#### Raw data:
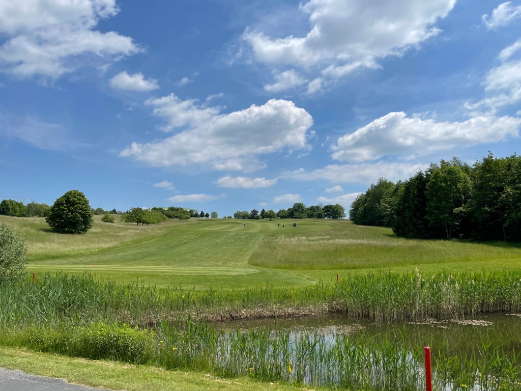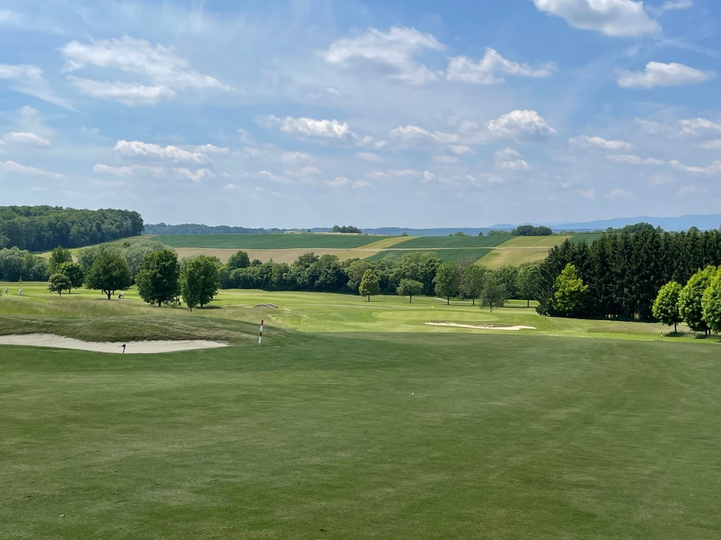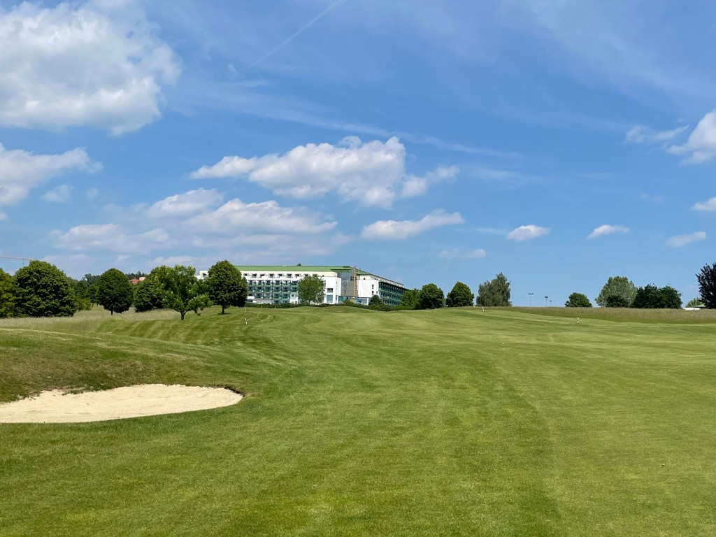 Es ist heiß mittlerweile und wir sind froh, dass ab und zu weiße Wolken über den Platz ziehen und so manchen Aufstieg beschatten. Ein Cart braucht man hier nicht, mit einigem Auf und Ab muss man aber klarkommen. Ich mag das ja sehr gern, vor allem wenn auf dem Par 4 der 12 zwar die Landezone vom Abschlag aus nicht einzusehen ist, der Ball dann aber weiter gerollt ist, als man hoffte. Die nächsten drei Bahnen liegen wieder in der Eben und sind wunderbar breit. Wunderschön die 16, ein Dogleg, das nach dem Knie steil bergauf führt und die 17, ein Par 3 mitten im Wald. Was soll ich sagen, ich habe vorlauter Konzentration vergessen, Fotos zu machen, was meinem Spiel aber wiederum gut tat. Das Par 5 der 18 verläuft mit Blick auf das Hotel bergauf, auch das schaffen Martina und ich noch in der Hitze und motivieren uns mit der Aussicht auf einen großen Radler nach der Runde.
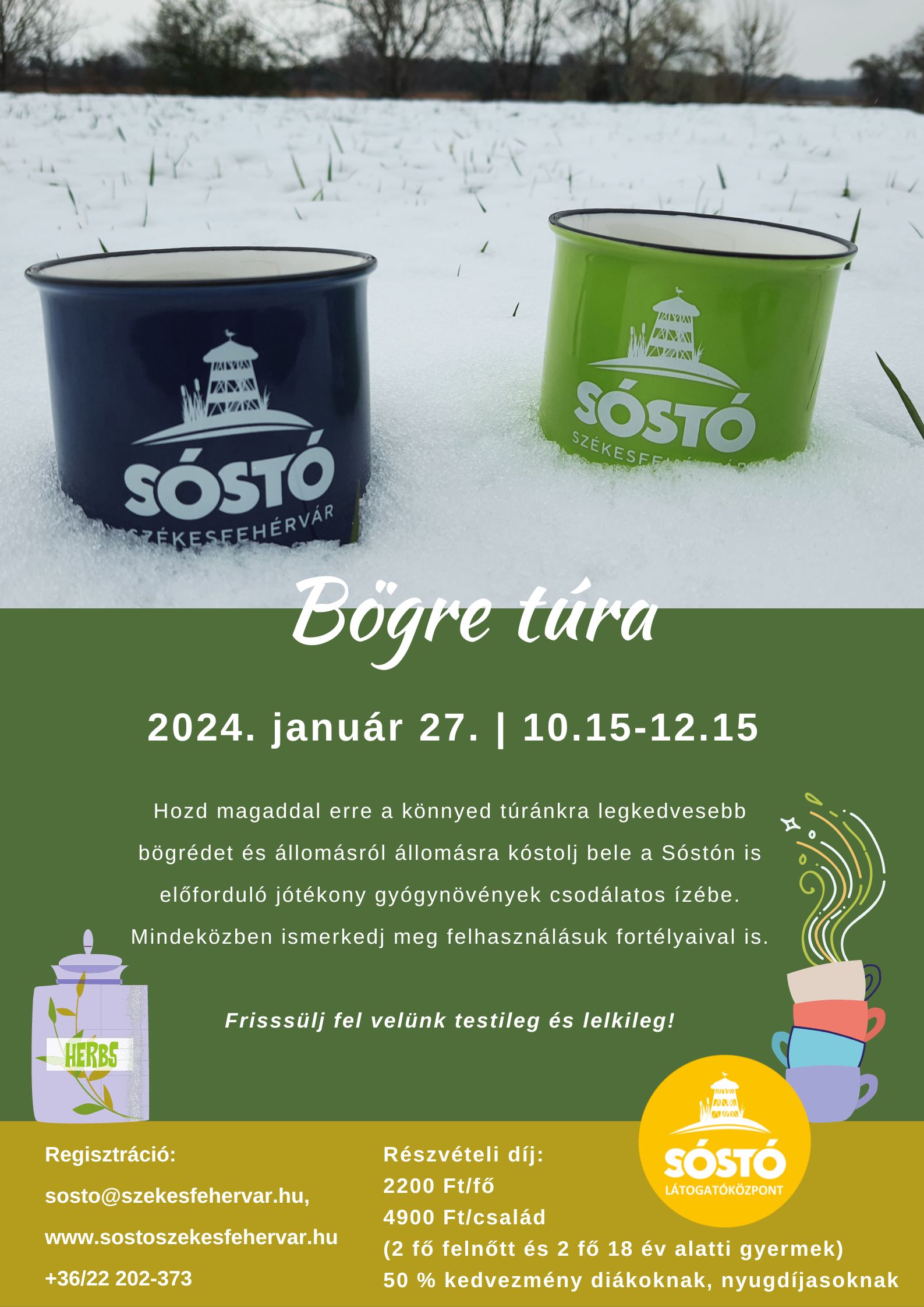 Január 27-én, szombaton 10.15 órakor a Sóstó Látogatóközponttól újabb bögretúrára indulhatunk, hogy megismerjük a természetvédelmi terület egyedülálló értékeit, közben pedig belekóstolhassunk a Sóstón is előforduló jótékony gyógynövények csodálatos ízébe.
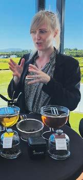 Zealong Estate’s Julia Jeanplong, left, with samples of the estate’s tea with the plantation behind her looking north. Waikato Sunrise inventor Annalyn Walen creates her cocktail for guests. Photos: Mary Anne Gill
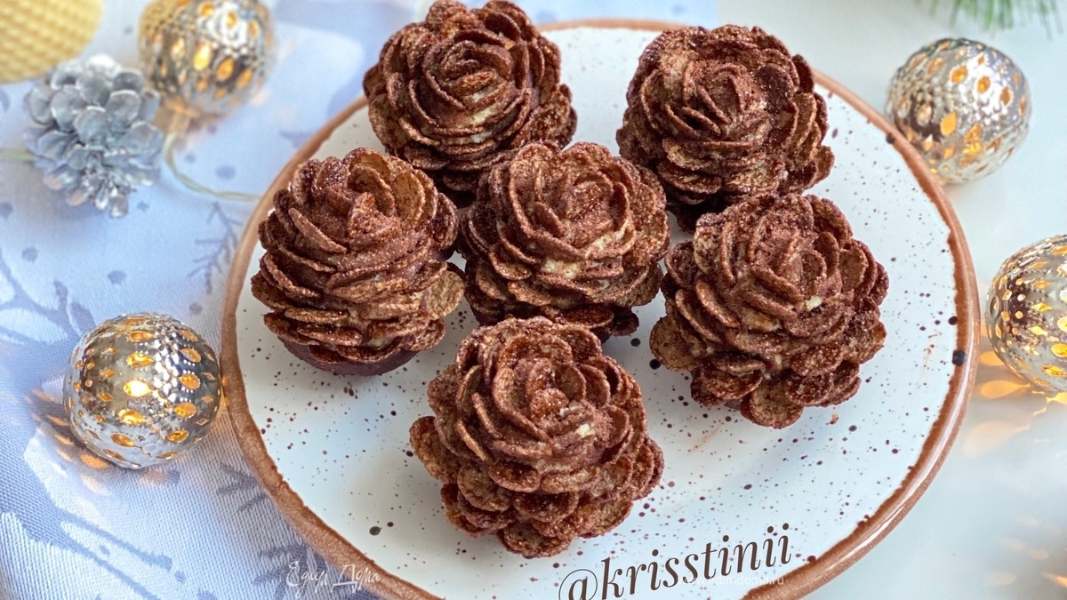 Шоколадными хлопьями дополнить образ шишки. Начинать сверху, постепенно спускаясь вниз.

---

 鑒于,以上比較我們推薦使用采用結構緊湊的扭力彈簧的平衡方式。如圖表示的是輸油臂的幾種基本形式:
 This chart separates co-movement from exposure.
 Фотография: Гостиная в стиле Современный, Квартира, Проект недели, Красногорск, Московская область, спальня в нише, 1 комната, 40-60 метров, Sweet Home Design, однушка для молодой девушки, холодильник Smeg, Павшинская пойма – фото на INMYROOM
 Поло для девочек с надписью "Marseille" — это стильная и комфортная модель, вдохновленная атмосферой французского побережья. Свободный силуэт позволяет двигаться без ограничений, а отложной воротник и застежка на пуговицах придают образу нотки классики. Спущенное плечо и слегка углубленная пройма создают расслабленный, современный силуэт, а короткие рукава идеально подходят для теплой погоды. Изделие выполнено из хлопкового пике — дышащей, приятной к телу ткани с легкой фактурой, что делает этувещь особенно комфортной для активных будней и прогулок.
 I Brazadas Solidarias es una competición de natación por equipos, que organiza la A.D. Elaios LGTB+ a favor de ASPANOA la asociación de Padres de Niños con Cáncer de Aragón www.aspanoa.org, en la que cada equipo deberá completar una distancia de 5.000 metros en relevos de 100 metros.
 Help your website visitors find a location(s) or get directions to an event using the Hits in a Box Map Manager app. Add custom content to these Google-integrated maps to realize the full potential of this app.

#### Aim of the task:
Keep to the stretch from the line containing "Es ist heiß" through the line containing "Zealong Estate’s Julia", both ends included, and copy it exactly from the listing above, minus the pictures.

#### Written answer:
 Es ist heiß mittlerweile und wir sind froh, dass ab und zu weiße Wolken über den Platz ziehen und so manchen Aufstieg beschatten. Ein Cart braucht man hier nicht, mit einigem Auf und Ab muss man aber klarkommen. Ich mag das ja sehr gern, vor allem wenn auf dem Par 4 der 12 zwar die Landezone vom Abschlag aus nicht einzusehen ist, der Ball dann aber weiter gerollt ist, als man hoffte. Die nächsten drei Bahnen liegen wieder in der Eben und sind wunderbar breit. Wunderschön die 16, ein Dogleg, das nach dem Knie steil bergauf führt und die 17, ein Par 3 mitten im Wald. Was soll ich sagen, ich habe vorlauter Konzentration vergessen, Fotos zu machen, was meinem Spiel aber wiederum gut tat. Das Par 5 der 18 verläuft mit Blick auf das Hotel bergauf, auch das schaffen Martina und ich noch in der Hitze und motivieren uns mit der Aussicht auf einen großen Radler nach der Runde.
 Január 27-én, szombaton 10.15 órakor a Sóstó Látogatóközponttól újabb bögretúrára indulhatunk, hogy megismerjük a természetvédelmi terület egyedülálló értékeit, közben pedig belekóstolhassunk a Sóstón is előforduló jótékony gyógynövények csodálatos ízébe.
 Zealong Estate’s Julia Jeanplong, left, with samples of the estate’s tea with the plantation behind her looking north. Waikato Sunrise inventor Annalyn Walen creates her cocktail for guests. Photos: Mary Anne Gill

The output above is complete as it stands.